No Dia Mundial do Livro...


....o contributo de duas das minhas alunas.

Estes textos encontram-se também publicados em
Arteziletras e expostos no Centro de Recursos.

O Livro

"Era uma vez...": também assim começou este livro. As personagens são poucas, no entanto as descrições preenchem linhas: "E naquela casa de férias tudo libertava um aroma doce: as janelas abertas deixavam entrar o sol doirado, o sussurro das plantas deixava adivinhar a brisa fresca presente no prado e o tom meigo com que eram ditas todas as palavras enaltecia o espírito."

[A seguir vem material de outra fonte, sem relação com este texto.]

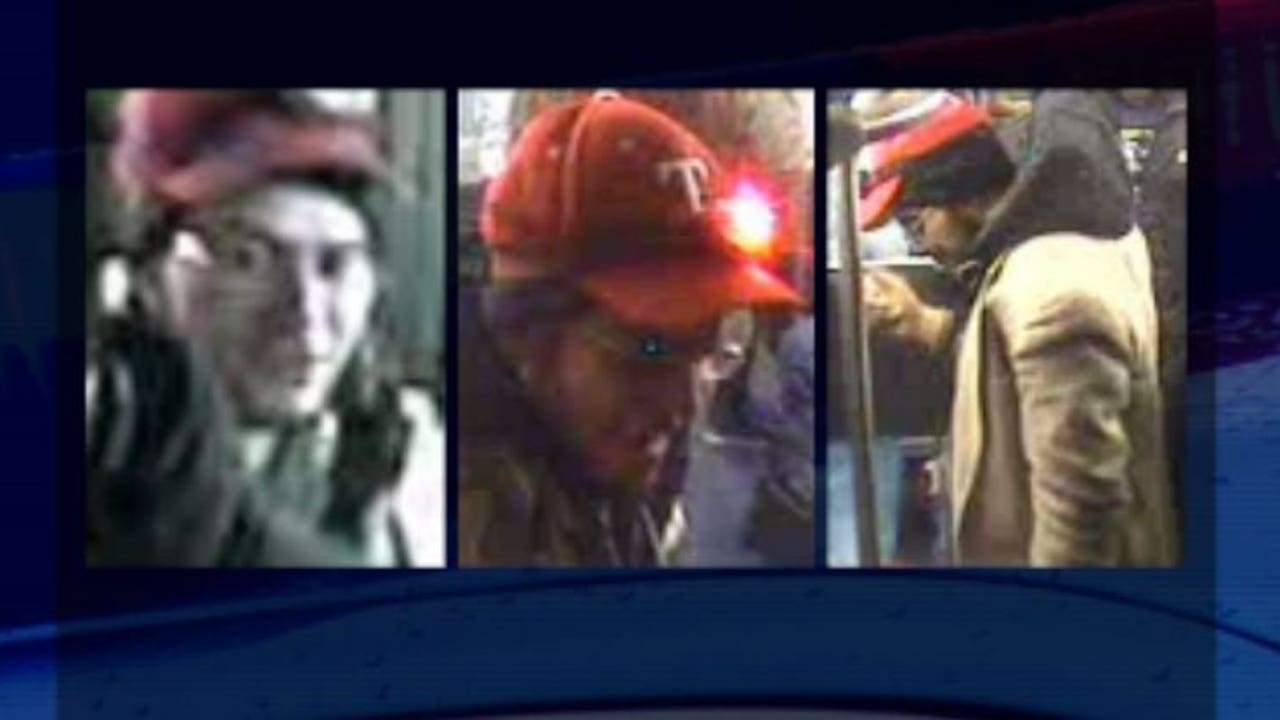 FUGITIVE WANTED IN KING COUNTY February 20, 2015 -- King County detectives need help identifying a suspect accused of groping a woman on a busy Metro bus. Camera's on-board the 120 Route that goes between Burien and downtown Seattle snapped photos of the suspect before he got away in November. Detectives say he struck after boarding the bus at the Burien Transit Center. "He started reaching over and grabbing her leg,” says Sgt. B.J. Myers of the King County Sheriff’s Office. “The victim told him to stop, asked him to move away, and he repeatedly did it a couple of times. When this lady decided to get up and go alert the bus driver, get out of the way, this guy groped her as she was walking away. That type of behavior's concerning no matter where it happens. It was about 6 o'clock in the evening, so it was a high traffic time on the bus. This guy was really blatant to be doing it at this time of night when a lot of people were on the bus, so obviously we're concerned about the aspect of this guy not really having any shame about what he was doing." The man wore glasses and a large tan coat. Detectives are really hoping his unique head wear combo that was topped-off with a red Texas Rangers hat stands out to someone who can help identify him. "It looked like he was wearing several hats on top of each other or maybe some type of scarf on top of a hat on top of another hat,” Sgt. Myers said. “So I don't know whether that's a particular look that this guy does often, but it definitely stood out to us when we were looking at the pictures." If you can tell King County detectives this accused groper's name, call an anonymous tip to: CRIME STOPPERS: 1-800-222-TIPS You must call the Crime Stoppers hotline with your tip to be eligible to receive a cash reward for information leading to a fugitive’s arrest. CLICK HERE for information on how to TEXT A TIP to Crime Stoppers

Várias foram as vezes em que repeti a leitura de frases só para as poder absorver em mim e saboreá-las com o mesmo prazer com que foram escritas. Não tive em momento algum pressa para terminar a leitura e todas as páginas foram minutos de sabedoria que me acolheram dias e noites. Hoje terminou a leitura, estranhamente mas terminou. Consigo ver que páginas foram arrancadas e não sei ao certo porquê nem por quem. Reconheço apenas a última frase presente: "O relógio do tempo parou por longos instantes e nem o teu brilho conseguiu curar a minha cegueira."

Da Maria João J., 11º E



Cartas sobre livros

Olho-te cá de baixo, tentando alcançar-te com o olhar. Inspiro-me numa bailarina em pontas, para chegar a ti e, num movimento preso, estico o braço e levanto-o, procuro agarrar-te enquanto passo as mãos pela prateleira, pois reconheço-te pelo toque. Sinto as tuas marcas de nascença que, no fundo, dizem, numa imagem, aquilo que tu és, lembra-te que não te deves envergonhar disso, não deixes que os outros as escondam.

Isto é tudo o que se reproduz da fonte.